We encourage the submission of Original Research and Review Articles that contribute to the next generation of manufacturing technologies for multifunctional metamaterials.

Keywords: Additive Manufacturing; Multifunctional Metamaterials; Architectural Design; Artificial Intelligence; Sustainable Fabrication

­­All manuscripts submitted to this Article Collection will undergo a full peer-review; the Guest Advisor for this Collection will not be handling the manuscripts (unless they are an Editorial Board member).

Please review the journal scope and author submission instructions prior to submitting a manuscript.

The deadline for submitting manuscripts is [June 30, 2026].

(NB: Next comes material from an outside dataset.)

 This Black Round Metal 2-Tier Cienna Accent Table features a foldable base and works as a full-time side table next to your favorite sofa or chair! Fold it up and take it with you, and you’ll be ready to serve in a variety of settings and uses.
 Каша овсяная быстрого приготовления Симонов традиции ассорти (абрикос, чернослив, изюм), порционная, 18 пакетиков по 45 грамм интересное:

Please contact Zhan Yu at [email protected] with any queries and discount codes regarding this Article Collection.

Please be sure to select "Additive Manufacturing for Next-Generation Multifunctional Metamaterials" from the drop-down menu in the submission system.

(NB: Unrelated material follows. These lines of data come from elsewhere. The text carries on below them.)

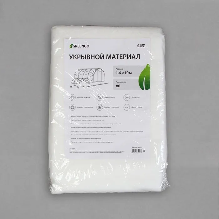 Материал укрывной, 10×1.6 м, плотность 80 г/м², спанбонд с УФ-стабилизатором, белый, Greengo, Эконом 30% — Характеристики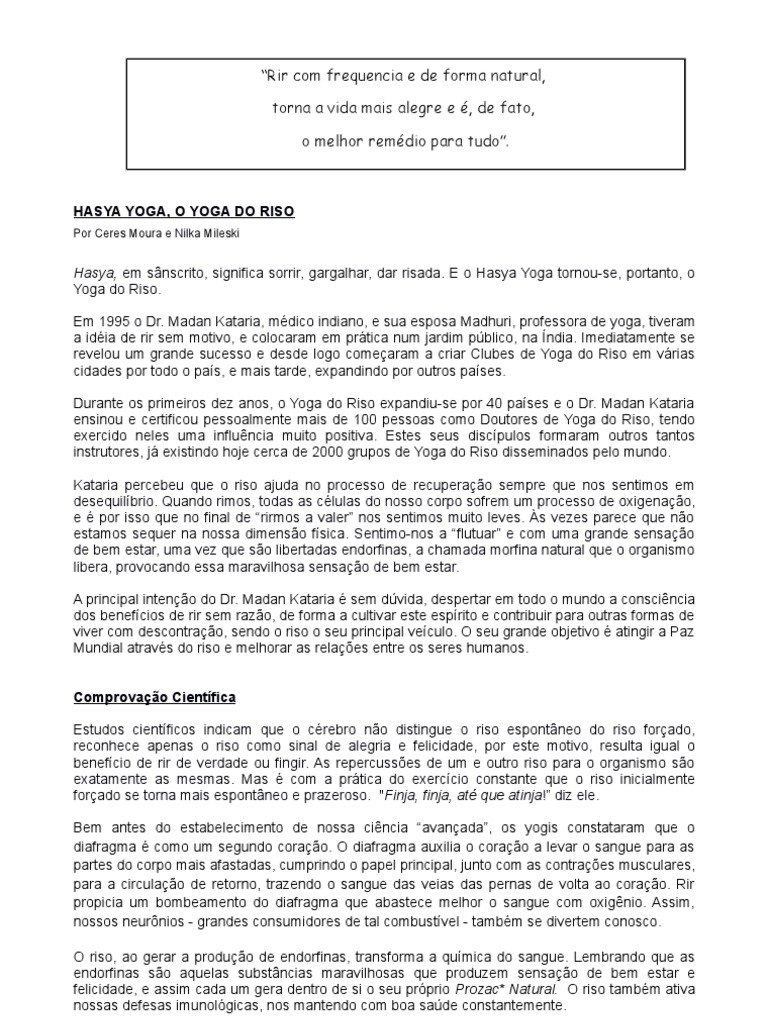 Hasya, em snscrito, significa sorrir, gargalhar, dar risada. E o Hasya Yoga tornou-se, portanto, o Yoga do Riso. Em 1995 o Dr. Madan Kataria, mdico indiano, e sua esposa Madhuri, professora de yoga, tiveram a idia de rir sem motivo, e colocaram em prtica num jardim pblico, na ndia. Imediatamente se revelou um grande sucesso e desde logo comearam a criar Clubes de Yoga do Riso em vrias cidades por todo o pas, e mais tarde, expandindo por outros pases. Durante os primeiros dez anos, o Yoga do Riso expandiu-se por 40 pases e o Dr. Madan Kataria ensinou e certificou pessoalmente mais de 100 pessoas como Doutores de Yoga do Riso, tendo exercido neles uma influncia muito positiva. Estes seus discpulos formaram outros tantos instrutores, j existindo hoje cerca de 2000 grupos de Yoga do Riso disseminados pelo mundo. Kataria percebeu que o riso ajuda no processo de recuperao sempre que nos sentimos em desequilbrio. Quando rimos, todas as clulas do nosso corpo sofrem um processo de oxigenao, e por isso que no final de rirmos a valer nos sentimos muito leves. s vezes parece que no estamos sequer na nossa dimenso fsica. Sentimo-nos a flutuar e com uma grande sensao de bem estar, uma vez que so libertadas endorfinas, a chamada morfina natural que o organismo libera, provocando essa maravilhosa sensao de bem estar. A principal inteno do Dr. Madan Kataria sem dvida, despertar em todo o mundo a conscincia dos benefcios de rir sem razo, de forma a cultivar este esprito e contribuir para outras formas de viver com descontrao, sendo o riso o seu principal veculo. O seu grande objetivo atingir a Paz Mundial atravs do riso e melhorar as relaes entre os seres humanos. Comprovao Cientfica Estudos cientficos indicam que o crebro no distingue o riso espontneo do riso forado, reconhece apenas o riso como sinal de alegria e felicidade, por este motivo, resulta igual o benefcio de rir de verdade ou fingir. As repercusses de um e outro riso para o organismo so exatamente as mesmas. Mas com a prtica do exerccio constante que o riso inicialmente forado se torna mais espontneo e prazeroso. "Finja, finja, at que atinja! diz ele. Bem antes do estabelecimento de nossa cincia avanada, os yogis constataram que o diafragma como um segundo corao. O diafragma auxilia o corao a levar o sangue para as partes do corpo mais afastadas, cumprindo o papel principal, junto com as contraes musculares, para a circulao de retorno, trazendo o sangue das veias das pernas de volta ao corao. Rir propicia um bombeamento do diafragma que abastece melhor o sangue com oxignio. Assim, nossos neurnios - grandes consumidores de tal combustvel - tambm se divertem conosco. O riso, ao gerar a produo de endorfinas, transforma a qumica do sangue. Lembrando que as endorfinas so aquelas substncias maravilhosas que produzem sensao de bem estar e felicidade, e assim cada um gera dentro de si o seu prprio Prozac* Natural. O riso tambm ativa nossas defesas imunolgicas, nos mantendo com boa sade constantemente.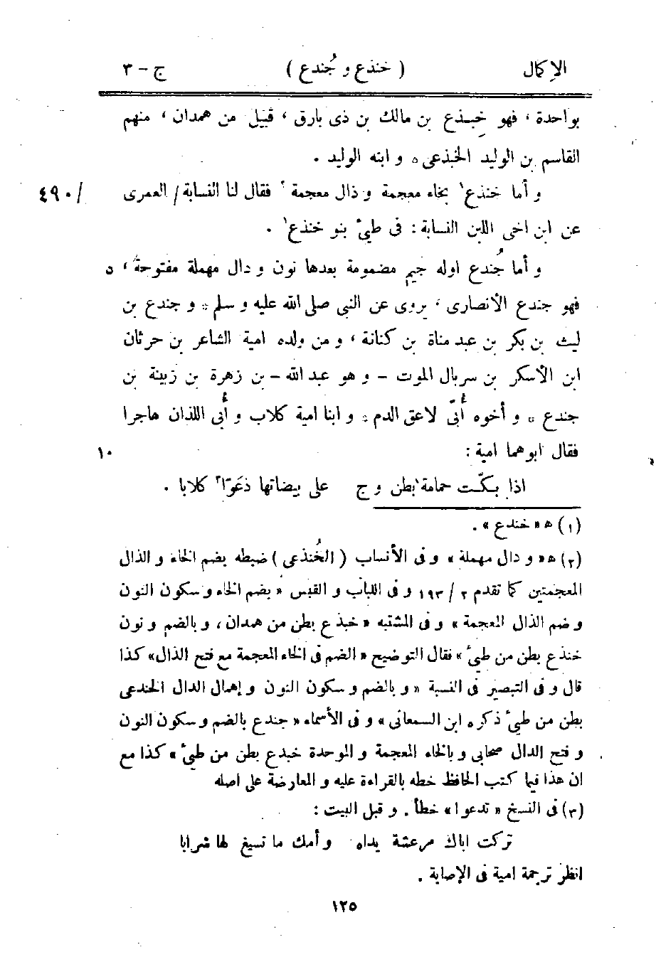 2 هـ "ودال مهملة" وفي الأنساب "الخنذعي" ضبطه بضم الخاء والذال المعجمتين كما تقدم 2/ 193 وفي اللباب والقبس "بضم الخاء وسكون النون وضم الذال المعجمة" وفي المشتبه "خبذع بطن من همدان، وبالضم ونون خنذع بطن من طيئ" فقال التوضيح "الضم في الخاء المعجمة مع فتح الذال" كذا قال وفي التبصير في النسبة "وبالضم وسكون النون وإهمال الدال الخندعي بطن من طيئ ذكره ابن السمعاني" وفي الأسماء "جندع بالضم وسكون النون وفتح الدال صحابي وبالخاء المعجمة والموحدة خبدع بطن من طيئ" كذا مع أن هذا فيما كتب الحافظ خطه بالقراءة عليه والمعارضة على أصله.

Dr. Zhendong Li is a Research Fellow at Central South University and is currently engaged full-time in the Department of Mechanical Engineering at the National University of Singapore through an ongoing research project. His work centers on architected and multifunctional materials, with a particular focus on hierarchical, bio-inspired, and non-conventional designs, advanced additive manufacturing techniques, and the investigation of coupled physical properties.

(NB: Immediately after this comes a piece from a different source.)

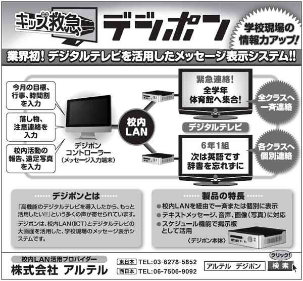 ICTを活用したキッズ救急(校内インターホン)が日立市立坂本小学校、京都市立小中学校約50校に採用されたことをお知らせいたします。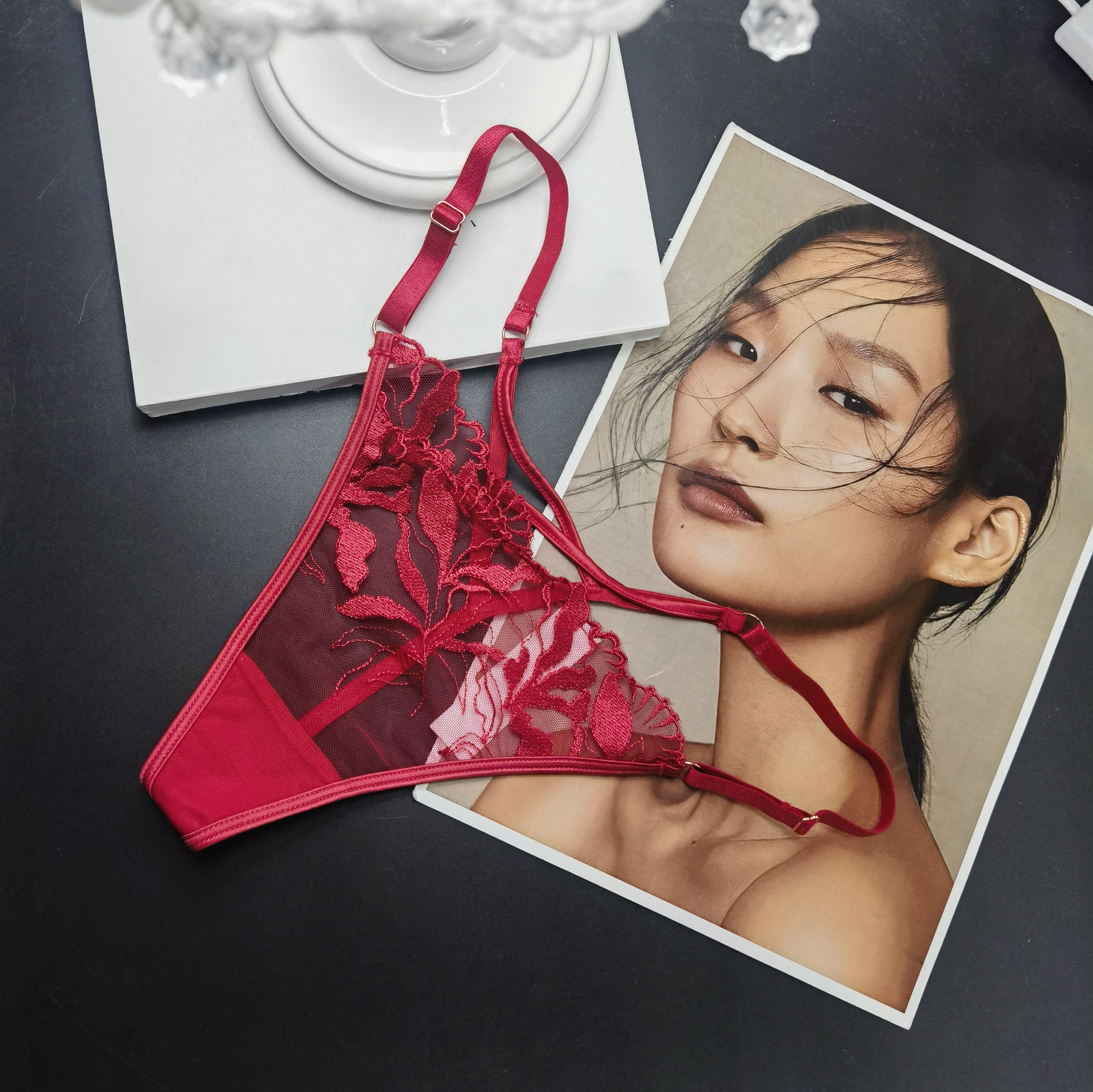 Embroidered Lace Women's Underwear T-Back Thong Sexy Hot Low-Waist Peach Butt-Enhancing Seductive Shorts Plus Size

Prof. Abu Al-Rub is currently the Leader of ADAM (Advanced Digital & Additive Manufacturing) Group and Professor of Mechanical Engineering at Khalifa University. He has been a Professor at Texas A&M University. Professor Abu Al-Rub primary research field of interests are in employing digital design and 3D printing for creating multifunctional architected materials and composites for various engineering applications. He has published one book, 6 patents in additive manufacturing, and over 300 publications. He has served as the principle/co-principal investigator of more than 30 projects; he is responsible for more than $36Million.

Dr. Biwei Deng is the Principal Investigator (PI) of the Laser Micro-Nano Manufacturing and Metrology Research Group at Yongjiang Laboratory. His research focuses on the design and manufacturing of novel mechanical metamaterials, including innovative structural designs towards extreme mechanics, two-photon polymerization fabrication of micro-nano scale metamaterials, in-situ multiphysical characterization, etc.

Dr. Xinxin Wang is a Research Fellow at Central South University. His research focuses on mechanical metamaterials, with emphasis on the structural design, additive manufacturing, and performance characterization of novel structural materials, as well as the exploration of complex mechanical properties of composite multifunctional materials.

Dr. Sibo Huang received his Ph.D. in Mechanical Engineering from The Hong Kong Polytechnic University in 2022. He is currently a Postdoctoral Fellow at City University of Hong Kong. His research focuses on acoustic functional materials, including noise control, coupled-resonance modulation, sound emission modulation, and acoustic energy harvesting.